Most years she returns to NOLA for Mardi Gras, the famous carnival season that stretches from twelfth night (January 6) to the day before ASH Wednesday.

Culminating on Mardi Gras Day (or Fat Tuesday), the celebrations include a week of processions and parades.

Compared to previous carnivals I'm told that things were a bit muted this year, a result perhaps of the terrorist attack on January 1 when 14 people were killed after a pick up truck was intentionally driven into a crowd of people in Bourbon Street.

Thankfully the biggest threat to the conclusion of carnival season 2025 was merely the weather, with some parades moved forward ‘ahead of expected severe winds, thunderstorms and tornado warnings’.

Welcome to New Orleans!

PS. To be clear, I would love to visit NOLA and the state of Louisiana. But not, perhaps, during the rainy season.

Below: Daughter (left) in New Orleans, March 4, 2025

Wednesday
Mar052025

From Montecito, with love

Aside from a few clips, I didn’t see the Netflix series Harry & Meghan, but last night I did watch the first episode of With Love, Meghan.

The reviews - in Britain, at least - are so damning I thought it would be rude not to take a peek.

It wasn’t quite as bad as many British journalists are suggesting. (I stress ‘British’ because I suspect that in America they may view it a little differently, or at least through the prism of similar lifestyle programmes.)

The production values appear high (as you would expect, given the reported budget), and Markle/Sussex is clearly comfortable in front of the camera (as you would also expect of a former actress).

Some reviewers have highlighted the fact that the series is shot not in Meghan and Harry’s home in Montecito near Santa Barbara but in another rental property nearby.

But is that so different to other, similar, programmes? I remember Nigella Lawson filming several series on a set designed to look exactly like her own kitchen, but wasn’t. And to be fair to Markle/Sussex, she doesn’t hide the fact that filming didn’t take place in her own home.

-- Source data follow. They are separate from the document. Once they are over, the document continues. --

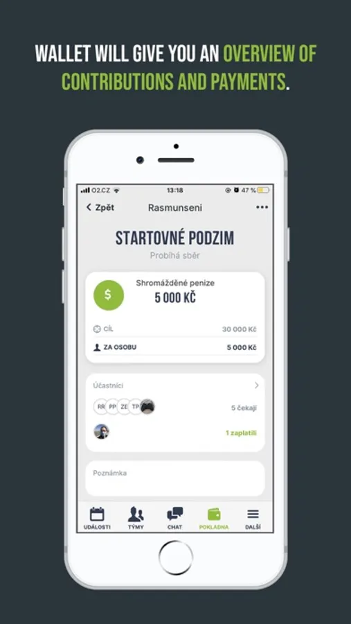 In the wallet module, you can easily create payment requests for membership fees or for the gym. You will have a clear record of payments and you will see who owes or how much is left in the team wallet.
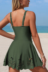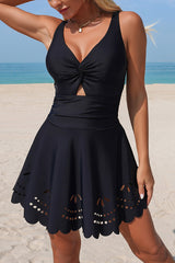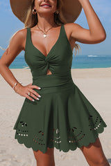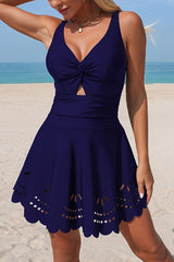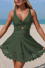 Solid Color Crossover V-neck Hollowed-out Stretch One-piece Swimsuit
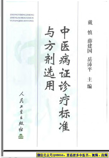 中医诊疗标准与方剂本站专注中医资源,涵盖视频,音频,电子文档等等等……关注微信公众号【QHBK66】,回复对应编码,获网盘下载地址。 更多中医视频,音频,电子书等《中医超级资源库》目录,查看网址:https://qr09.cn/FDjI4p
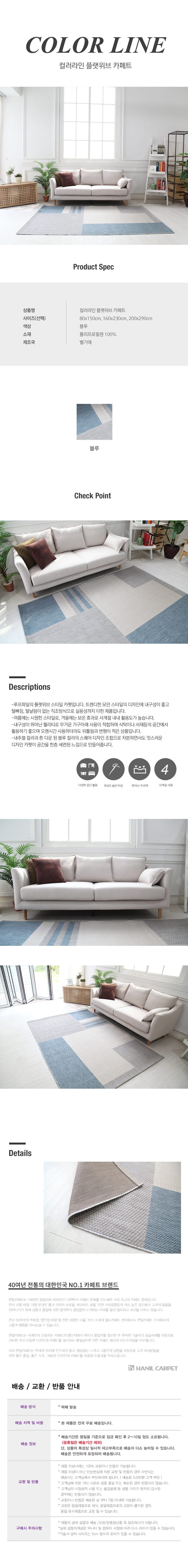 (롯데백화점)벨기에산 컬러라인 플랫위브 카페트 (200x290cm)
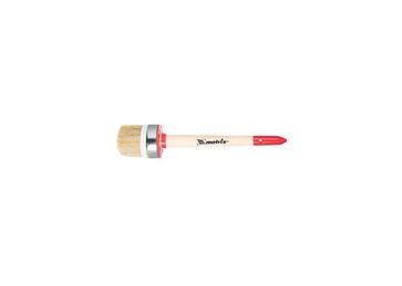 Ворс кисти из натуральной светлой щетины, расщепленной на концах. Кисть конической формы имеет разную длину щетины, что обеспечивает более точное выполнение работ. Щетина кисти надежно закреплена металлическим бандажом с антикоррозийным покрытием. Трехкомпонентная эргономичная обрезиненная ручка не скользит в руке и имеет отверстие для подвешивания. Кисть предназначена для работ с масляными красками и лаками, устойчива к агрессивным составам. Минимальная сумма заказа без доставки 500 руб.
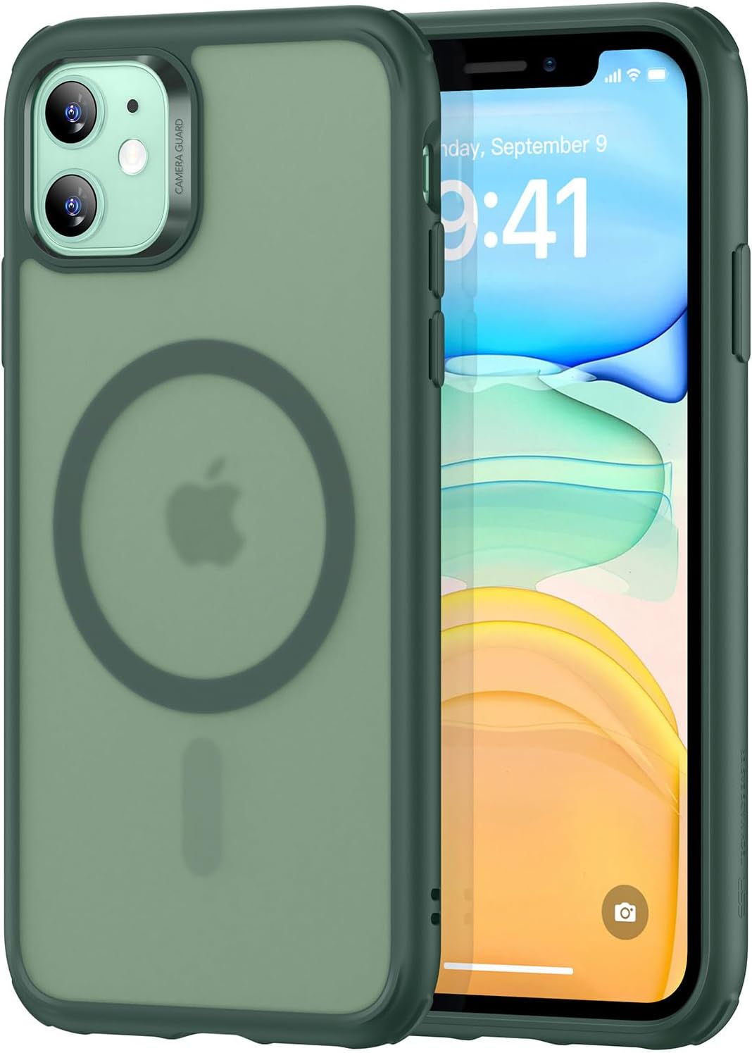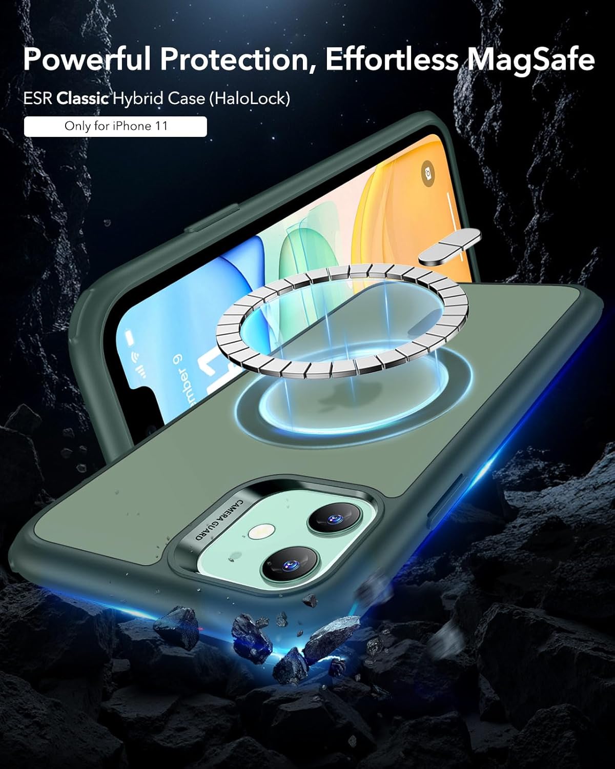 ESR калъф за iPhone 11, съвместим с MagSafe, класически хибриден магнитен калъф за мобилен телефон за iPhone 11, военен стандарт, защита от падане, устойчив на надраскване гръб, матово зелен

There’s a surfeit of mood music, which also brings to mind some of Nigella’s programmes, but it’s clear that Meghan is no Nigella.

She decorates a cake, for example, but there’s no evidence that she personally made or baked it. And I’m not convinced that chucking a load of spaghetti and tomatoes into the same pan and cooking them together is going to take the culinary world by storm (although it will reduce the washing up, which is a bonus).

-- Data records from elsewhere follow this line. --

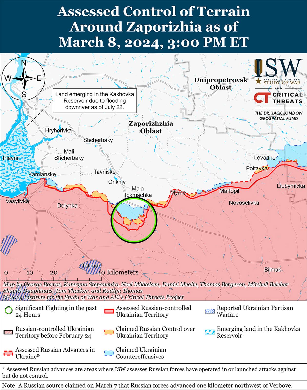 8 марта на западе Запорожской области продолжались позиционные бои. Российские источники утверждали, что российские войска захватили несколько неназванных позиций к северо-западу от Вербовое (к востоку от Работино) и продвинулись на один километр вглубь от Вербовое в сторону Работино, хотя ISW не обнаружил визуальных доказательств этих заявлений. [55] Позиционные бои продолжались в районе Работино и западнее Вербовое. [56] По имеющимся сведениям, в районе Работино действуют подразделения российской 42-й мотострелковой дивизии (58-я общевойсковая армия, Южный военный округ). [57]
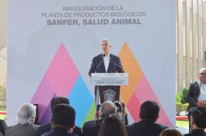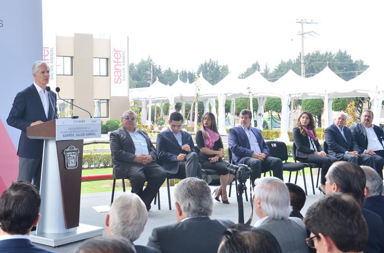 Esto fue en el acto inaugural de del sexto centro de operaciones de la empresa SANFER, que produce biológicos para la salud animal. Destacó que se trata de una inversión importante para el Estado de México, el sector farmacéutico y para Santiago Tianguistenco, pues asciende a 450 millones de pesos y producirá un millón de vacunas al año, con lo que asume el liderazgo a nivel internacional, y adicionalmente, recibirá de Quebec City View, otros 500 millones de dólares para su desarrollo.
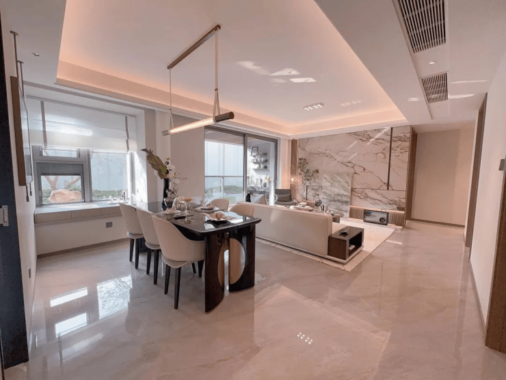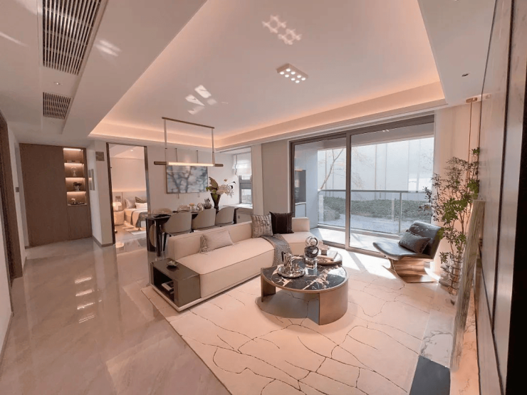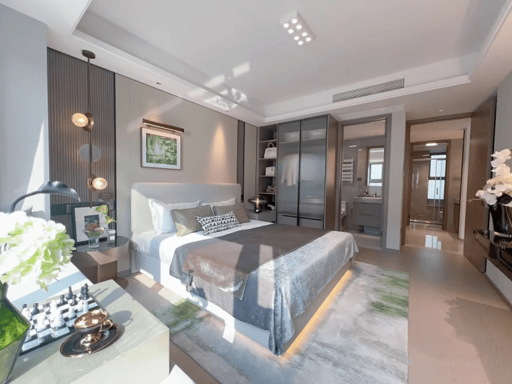交付标准:精装交付,配备东芝中央空调、中科睿赛新风系统、威能地暖三大件;厨房配置老板烟灶、12件套洗碗机、摩恩水槽龙头;卫浴采用科勒洁具,全屋定制收纳系统

The biggest issue, however, is not that Montecito’s domestic goddess is filmed in the kitchen and garden of a rented farmhouse rather than her own home, or that her cooking and party prepping skills are arguably more basic than we are being encouraged to believe.

It’s the fact that the programme is ultimately rather boring and I struggled to get to the end without turning it off and doing something more interesting. (I’m not the target audience, I know, but still.)

I’m glad I persisted though because episode one of With Love, Meghan concluded with Markle/Sussex sitting in the garden of the rented farmhouse with her guest (make-up artist and friend Daniel Martin) and before them was the most incredible view of what I’m guessing are the Santa Ynez Mountains.

If that didn’t make viewers more than slightly envious I don’t know what will.

Finally, and whatever you think of Meghan or the programme, it’s inspired some of the best (and bitchiest!) writing I’ve read for some time. There are several pieces to choose from but if I had to select one, take a bow, Julie Burchill (Spectator)!

Below: Santa Ynez Mountains from the rooftop terrace of our hotel in Santa Barbara, August 2013. You can’t fault Harry and Meghan for choosing to live in Montecito, which is five miles away. If I had the wherewithal, I’d probably live there too.